Koordinator Lapangan Pengelola Waduk Sermo, Novika Prabowo, mengatakan penurunan ini disebabkan karena rendahnya curah hujan akibat musim kemarau yang mulai melanda kawasan waduk sejak dua bulan belakangan. Meski sebenarnya sempat turun hujan pada 14-16 Juni, dikatakan Novika, tidak berdampak signifikan terhadap peningkatan elevasi air di waduk seluas 157 hektare itu.

"Memang sempat hujan selama tiga hari, tapi tidak ada perubahan berarti," kata Novika kepada awak media, Jumat (21/6/2019).

Penurunan tingkat elevasi otomatis mengubah volume air di Waduk Sermo.
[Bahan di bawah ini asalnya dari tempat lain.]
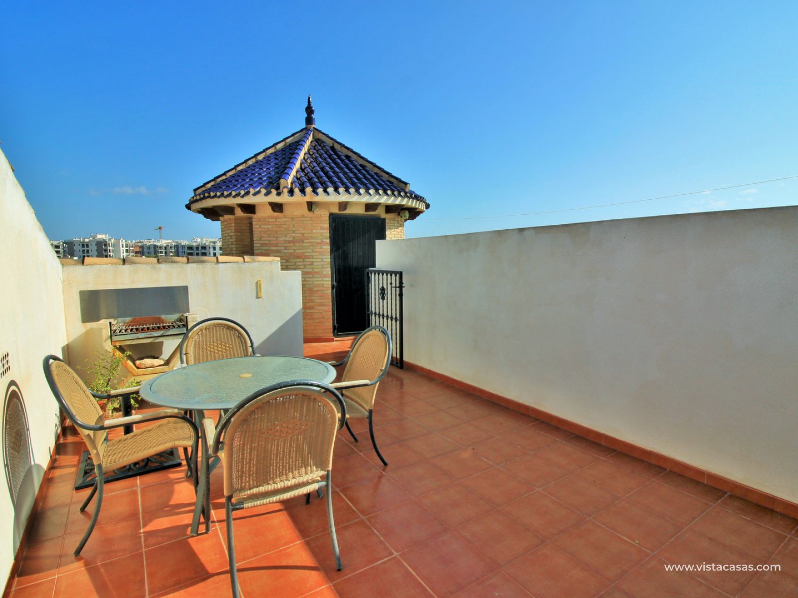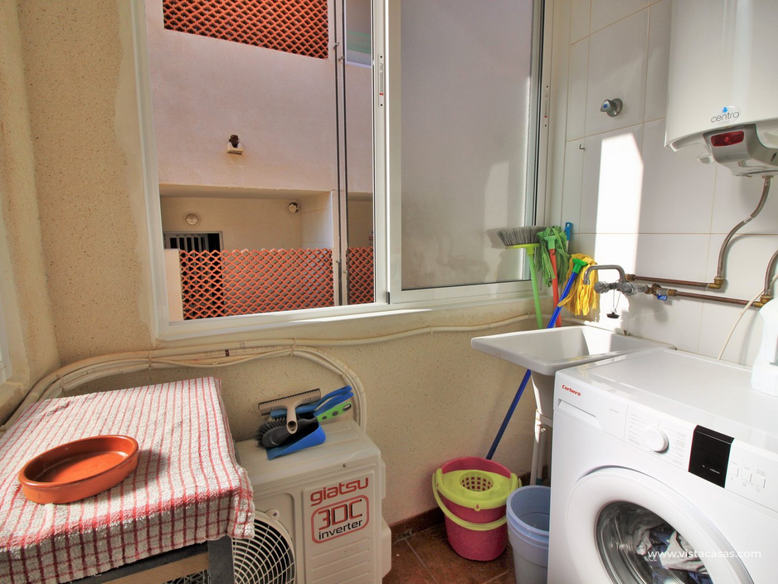 Comprising of a covered front balcony with glass curtains, a lounge-diner, 2 double bedrooms with fitted wardrobes and a family bathroom. To the rear is a good sized kitchen, which is fully equipped with white goods and has access to the rear utility area. There is also a lovely private roof solarium to enjoy all day sunshine, which also offers a storage room, plus glimpse sea views. Part of a community with the use of a communal pool just behind the apartment. The current owners have done many improvements to the property including new exterior doors, air-conditioning units in the lounge and master bedroom, plus opening up the rear utility area with large pvc windows, bringing in more natural light. The apartment is presented well with a bright and airy feel.
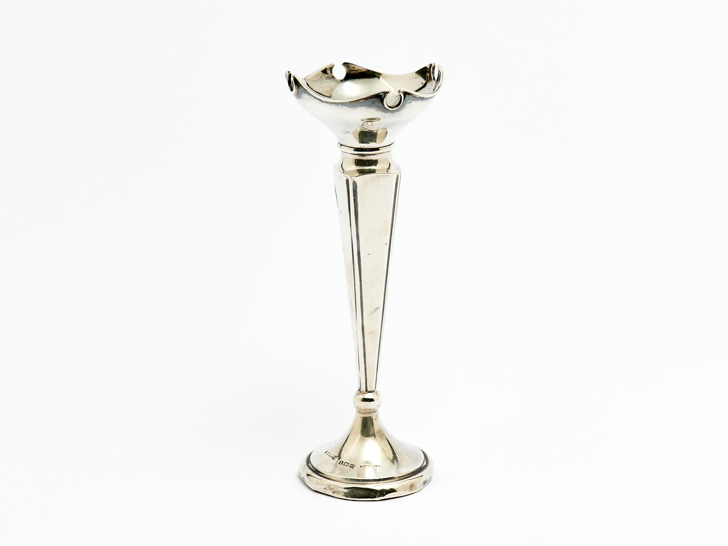 A STERLING SILVER BUD VASE WITH WEIGHTED BASE H.18CM, LEONARD JOEL LOCAL DELIVERY: SMALL
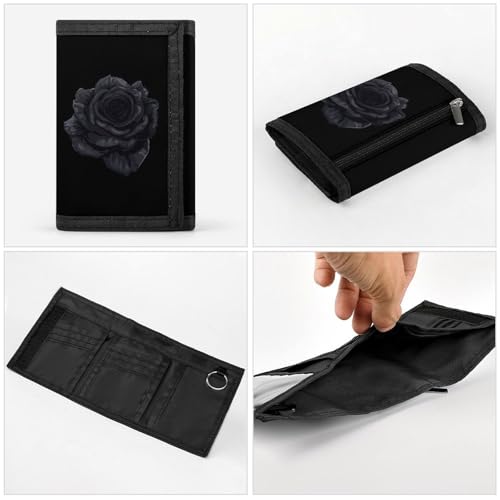 Beautiful Black Rose Flower Trifold Wallet Slim Credit Card Holder for Women Men 2
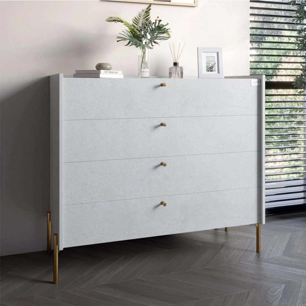 Комод із 4 шухлядами LION Wood із золотими ніжками 100х90х45 см Бетон style (LION-042959)

Rata-rata batas tinggi normal air di waduk itu berada di angka 136 Mdpl dengan volume air sebesar 20 juta meter kubik. Sedangkan saat ini dengan ketinggian 131,13 Mdpl, volume menyusut drastis menjadi 11,5 juta meter kubik.

Kendati begitu, Novika memastikan jika fenomena ini tidak akan memengaruhi suplai air ke sejumlah daerah irigasi. Berdasarkan hasil rapat rutin pihaknya per 15 hari, suplai air ke DI Pengasih tetap berjalan dan bisa memenuhi kebutuhan air hingga 800 liter per detik.

"Saat ini kebutuhan air 800 liter per detik, dan saluran sudah kami buka. Itu nanti akan dievaluasi 15 hari ke depan. Apakah sudah cukup atau belum untuk menentukan kami kecilkan atau tingkatkan," ujarnya.

Normalnya, kebutuhan air DI Pengasih hanya berkisar antara 300 sampai 500 liter per detik. Namun karena untuk membantu suplai air petani di wilayah DI Papah guna keperluan Masa Tanam (MT) kedua, maka suplai air diperbesar menjadi 800 liter per detik. "Nanti sebagian kami alirkan ke DI Papah," ucapnya.

Novika meyakini, selama elevasi air belum mencapai 124 meter kubik di batas bawah normal, Waduk Sermo tidak akan kekurangan air untuk memenuhi suplai ke DI. Dia juga memastikan, saat ini elevasi air di waduk itu masih dalam kondisi normal.